In some ways the answer is no. Changes to the furlough scheme since August had already required employers to make a rising contribution to the wages of furloughed workers. They could also bring back workers part time, while continuing to claim the subsidy for the hours not worked.

Any objective observer asked to place this new scheme on a policy continuum between what the chancellor unveiled in July – a £1,000 bonus for each worker brought back – and furlough would put it much closer to furlough.

To that extent, the shadow chancellor, Anneliese Dodds, is justified in saying that the chancellor has performed a U-turn.

Yet there are material differences between this and furlough.

The level of support from the state to the payrolls of eligible companies is significantly lower. Under the new programme, the government’s maximum contribution to a worker’s wages falls to 22 per cent, down from 60 per cent under furlough. And only employees who are working at least a third of their normal hours will be eligible.

The important question is, of course, whether it succeeds in stemming a steep rise in unemployment over the winter.

Even before the latest restrictions, official forecasts were projecting a possibility of joblessness shooting up to 4 million by early next year as the furlough scheme ended. Will the new system help avert such a disaster for the jobs market? The answer is that it’s impossible to know for sure.

The new wage subsidy might persuade managers, facing downsizing decisions, to wait until the economic outlook is clearer.  

The extension and rolling-over of the business loan support also announced by the chancellor will probably help on that front.

But other employers might look at the size of the financial support on offer from November – and the considerably darkened economic outlook – and decide that holding on to workers whom they can’t employ full-time would simply be to delay the inevitable.

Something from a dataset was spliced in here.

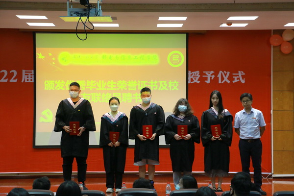 党委书记熊杰为优秀毕业生、优秀毕业论文获得者颁发荣誉证书。

The sad fact is that many employers will already have made their decisions, having started their redundancy consultation processes in recent weeks.

It’s pretty hard to see how this scheme would make a material difference to employers’ decisions in the event of another national lockdown, which ministers have warned might be needed if the spread of the virus is not arrested by the new measures implemented this week. If the Treasury has a plan to protect jobs in those circumstances, it’s keeping it very well hidden.

But that might be overly pessimistic. There’s some evidence that new coronavirus infection cases in Spain and France, which have been a few weeks ahead of the UK on the curve of this second wave of the epidemic, are slowing.  Good news on a vaccine might arrive and brighten the economic outlook.  

And the fact that the new short-time working scheme has the broad support of the trade unions and the business lobby groups – and seems to have been designed with their input, as was the original furlough scheme – is a hopeful sign. Such groups are almost certainly closer to the thinking of private-sector decision-makers than ministers and Whitehall civil servants.

Yet the bottom line is that the outlook on employment is as clouded and uncertain as that future of the pandemic.

The proof of this wage-subsidy pudding will be in the eating this winter.